2.3. Training Method

The hyperparameters to train the model are as follows: Nesterov momentum Adam [23] was employed as the optimizer. The dropout and learning rates were set to

0.2

and

10^{- 3}

, respectively. The learning rate scheduler was also employed for training. Particularly, we trained the neural network model with the same learning rate until 30 epochs. Subsequently, cosine annealing scheduling was utilized [24]. This starts with a relatively large learning rate and is dropped rapidly to the predefined minimum value. Here, the maximum and minimum learning rates were

10^{- 3}

and

10^{- 4}

, respectively.

Furthermore, the SpecAugment data augmentation method, widely used in speech processing, was employed [25]. Two types of masking were applied in SpecAugment: frequency and time masking. In frequency masking, consecutive frequencies of a spectrogram are randomly masked. Time masking is similar to frequency masking; however, consecutive time frames of a spectrogram are randomly masked. The spectrogram with two masking applied is shown in Figure 3. SpecAugment was randomly applied to each batch of input data. Time masking could be applied to the entire sequence, with a width of 8 frames, masking roughly 0.02 s of time information per batch. Frequency masking is also applied to the entire sequence, with 8 mel-bins masked out of a total of 64 mel-bins.

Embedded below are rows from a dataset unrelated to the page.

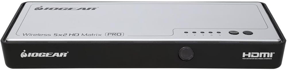 IOGEAR HDMI Wireless 5x2 Matrix Switch مع جهاز استقبال إضافي - فيديو عالي الدقة 1080 بكسل يصل إلى 200 قدم - في وقت واحد حتى 5 أجهزة تلفزيون عالية الدقة - صوت رقمي 5.1 قناة - HDCP 2.0 - التوصيل والتشغيل - GWHDMS52MBK2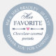Personalisiert ihre Lieblings-Hochzeitskandy-Aufkleber für Ihre Hochzeitstaschen Leckerei, die Sie Ihren Gästen geben, als ein Dankeschön für die Teilnahme an Ihrer Hochzeit! In gebogenem Text gegen eine staubige blaue Grenze, fügen Sie Ihre Namen, Hochzeitstag, und ein Dankeschön. Schreiben Sie den Typ der Leckerei, die der Beutel oder das Packstück enthält. Die Lieblingsticker ihrer Hochzeitsaufkleber sind mit einer romantischen Trennwand versehen, die mit zwei eleganten marineblauen Pfeilen auf ein rosa Herz zeigt.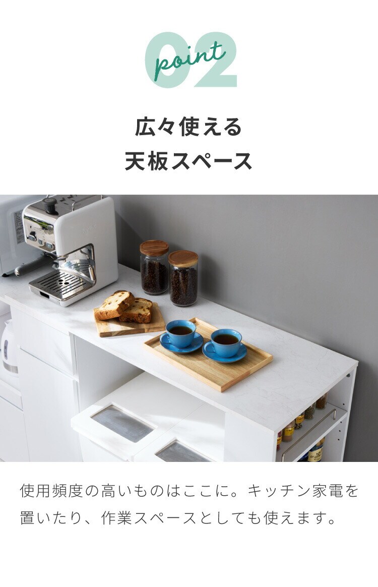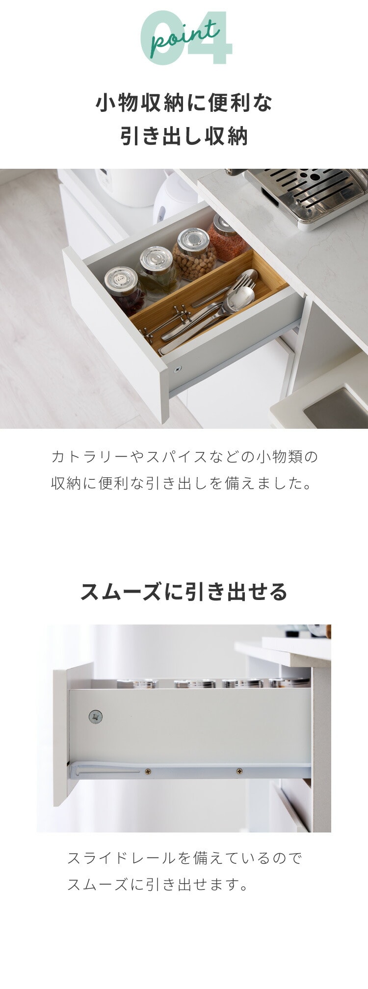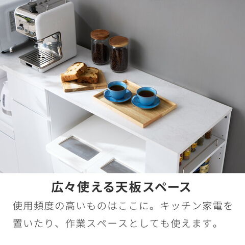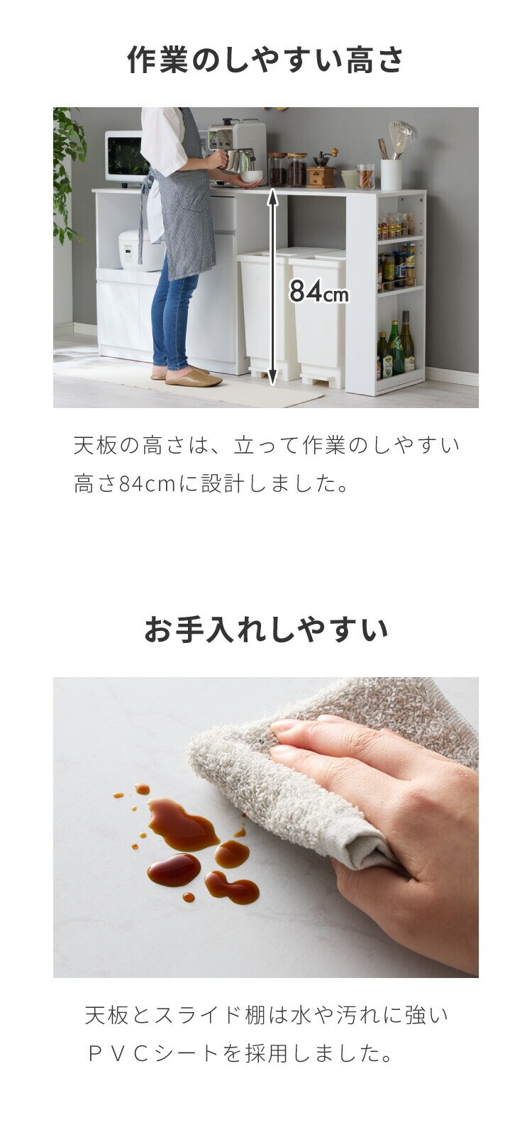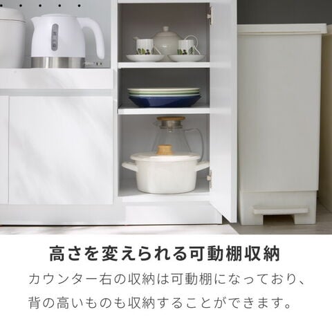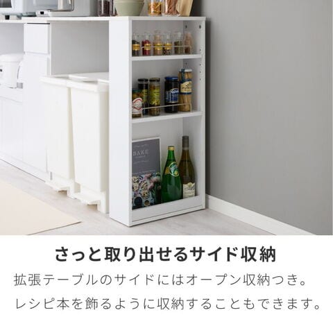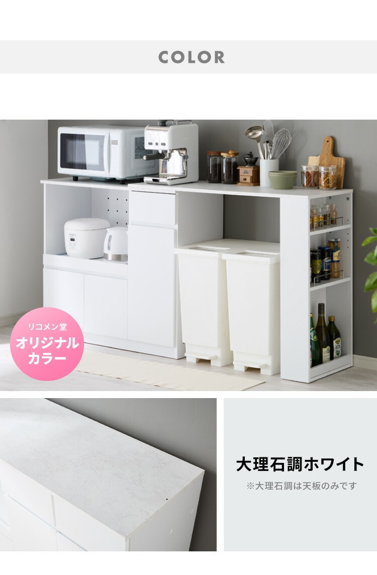 大理石調、モノトーン、白、ホワイト、キッチンカウンター、伸縮式、伸長式、食器棚、収納、ゴミ箱上ラック、ゴミ箱ラック、ごみ箱上ラック、ごみ箱ラック、キッチンラック
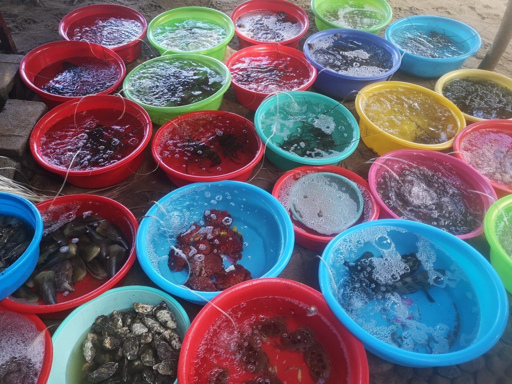 In einem Fischerdorf muss natürlich auch dem entsprechend gespeist werden. Bei Eintritt ins Restaurant kann zwischen diversen Meeresfrüchten gewählt werden. Dann muss man sich noch für die Art der Zubereitung entscheiden und dann heißt es, sich überraschen lassen, was man bestellt hat.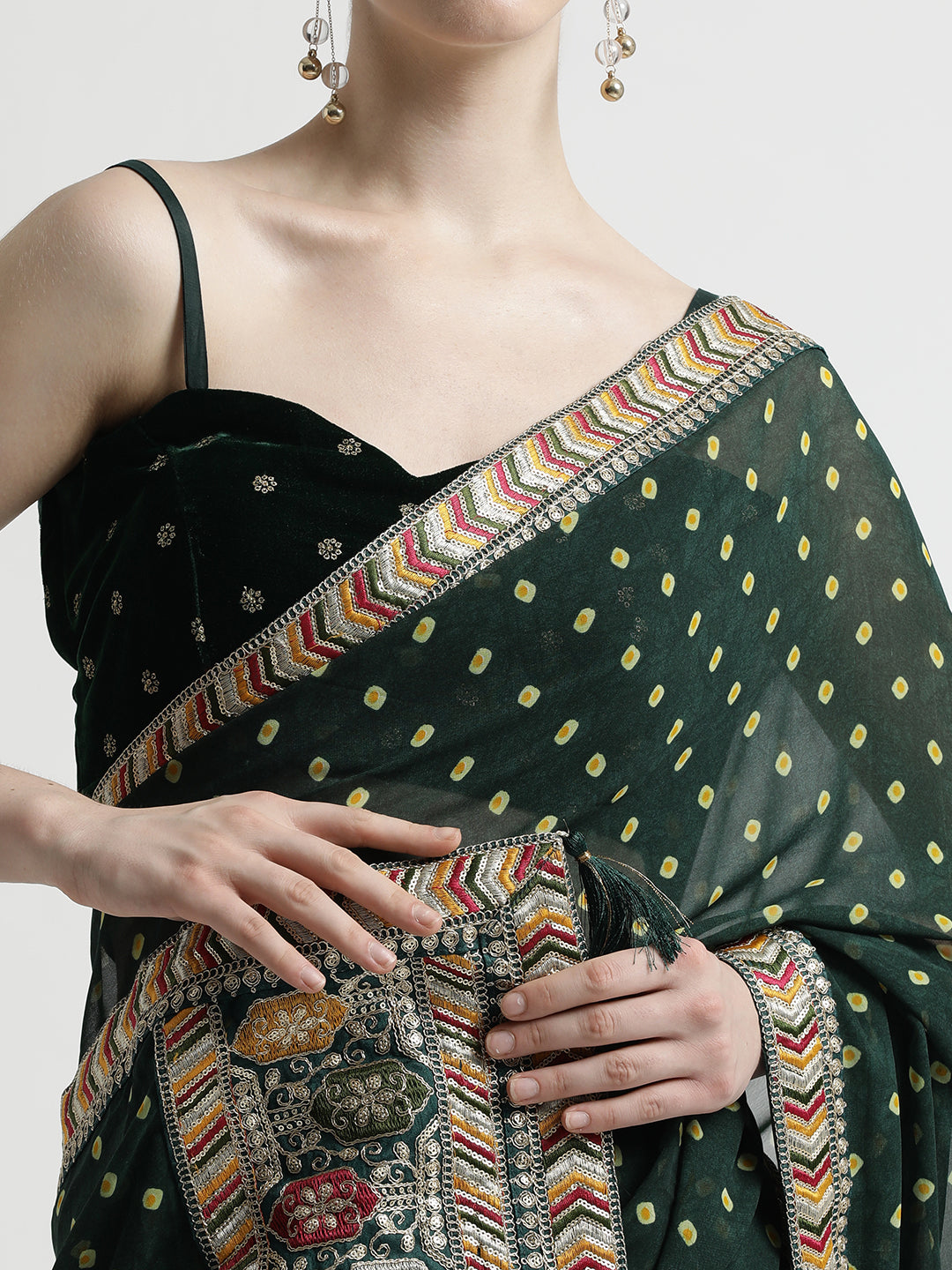 Embrace the traditional charm of Bandhani Embroidered Pure Georgette Saree. It has an embroidered border and heavy work on the palla.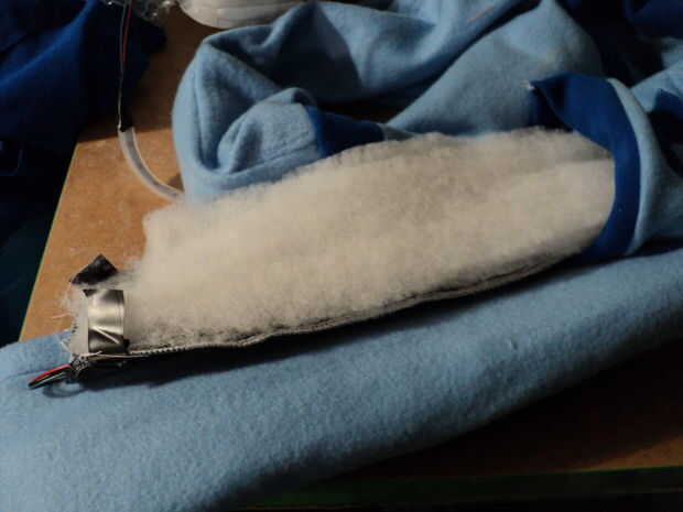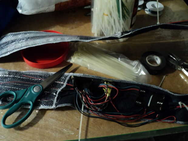 Coloque una o dos capas de sobre la malla de bateo Neopixel Asamblea para difundir los LED discretos. Probablemente podría hacer otra máscara para el más fino detalle en las luces usando un diseño de plantilla de circuito que era toner impreso en un gel de transparencia. Sería muy bueno para solo impresión de textil el diseño en la capa externa de la tela.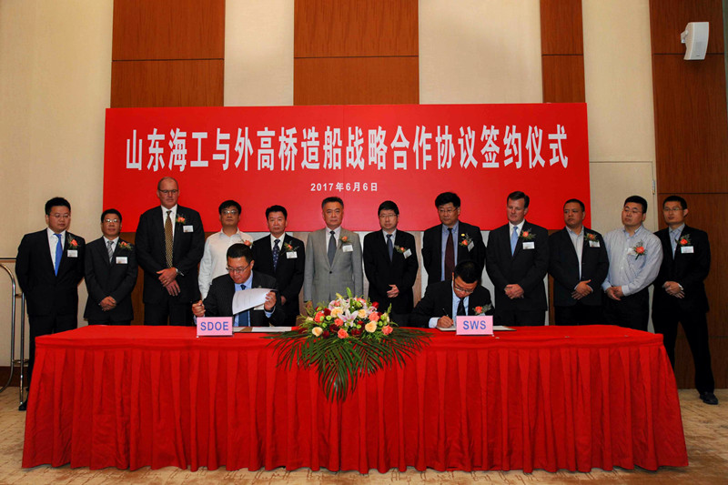 近日,公司参股的山东海洋工程装备有限公司(以下简称“山东海工”)与上海外高桥造船有限公司(以下简称“外高桥造船”)战略合作协议签约暨H1378自升式钻井平台命名仪式在上海外高桥船厂举行。中国船舶工业集团(以下简称“中船集团”)副总经理孙云飞,山东海洋集团有限公司(以下简称“山东海洋集团”)董事长包剑英、外高桥造船董事长王琦出席仪式并致辞,山东海洋集团副总经理赵显福宣读钻井平台命名词,副总经理、山东海工总裁于冰代表山东海工与外高桥造船签署战略合作协议。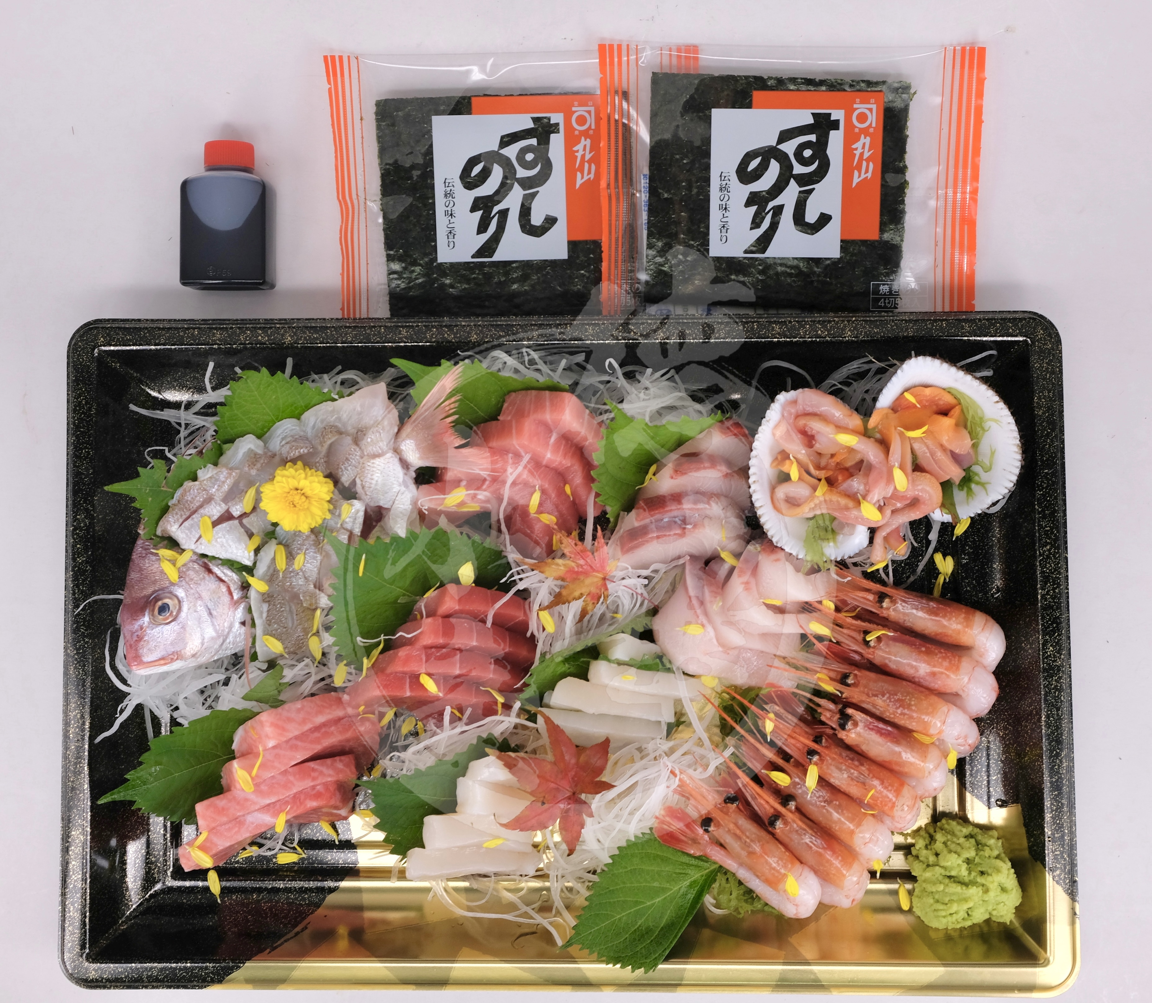 sashimi sauce, wasabi, seaweeds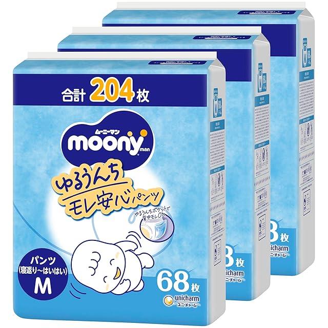 【パンツ Mサイズ おすわり・はいはい~】ムーニーマン オムツ [ケース品] 【.co.jp限定】 白 (5~10kg)204枚(68枚×3)

3. Performance Evaluations

Model performance was measured only on a limited number of real data in the development dataset. In addition, it was evaluated according to the SELD evaluation metrics used in the DCASE challenge; error rate, F1-score, localization error, and localization recall [19]. Here, error rate and F1-score were utilized as evaluation metrics for SED, and localization error (

{L E}_{C D}

) and localization recall (

{L R}_{C D}

) were used as DOA evaluation metrics, respectively. The error rate was determined using the number of errors in terms of insertions (I), deletions (D), substitutions (S), and reference events (N), and it is represented as

E R = \frac{D + I + S}{N} .

(3)

The F1-score was calculated over all test data based on the total number of false positives (FP), false negatives (FN), and true positives (TP). The F1-score is expressed as

P = \frac{T P}{T P + F P}, R = \frac{T P}{T P + F N}, F = \frac{2 P R}{P + R},

(4)

where P and R are the mean precision and recall, respectively.

Class-dependent localization metrics are calculated based on class-aware localization. The class-aware localizations

{L E}_{C}

and

{L R}_{C}

are computed only between predictions and references of class c.

{L E}_{C}

and

{L R}_{C}

are defined as

{L E}_{c} = \frac{{| | A_{c} ⨀ D_{c} | |}_{1}}{{| | A_{c} | |}_{1}},

(5)

{L R}_{c} = \frac{\sum_{l} {| | A_{c}^{(l)} | |}_{1}}{\sum_{l} N_{c}^{(l)}},

(6)

where

A_{c}

,

D_{c}

, and

N_{c}

indicate the association matrix, distance matrix, and references, respectively.

c \in [1, \dots, C]

represents the class index, and

l = 1, \dots, L

represents temporal frame outputs or some other preferred averaged segmental representation. Using the calculated

L E_{c}

and

L R_{c}

, the overall class-dependent

L E_{C D}

and

L R_{C D}

are determined as the class means as follows

{L E}_{C D} = \frac{1}{C \cdot L} \sum_{c} \sum_{l} {L E}_{c}^{(l)},

(7)

{L R}_{C D} = \frac{1}{C} \sum_{c} {L R}_{c} .

(8)

The SELD score is not included in the ranking calculation, but it is used as a performance metric to assess overall performance during model training. The SELD score is calculated by averaging four metrics: error rate, F1-score, localization error, and localization recall. The SELD score is calculated as follows:

S E L D s c o r e = \frac{E r r o r r a t e + (1 - F 1) + L E + L R}{4} .

(9)

The resulting value ranges from 0 to 1, with better model performance resulting in values closer to 0.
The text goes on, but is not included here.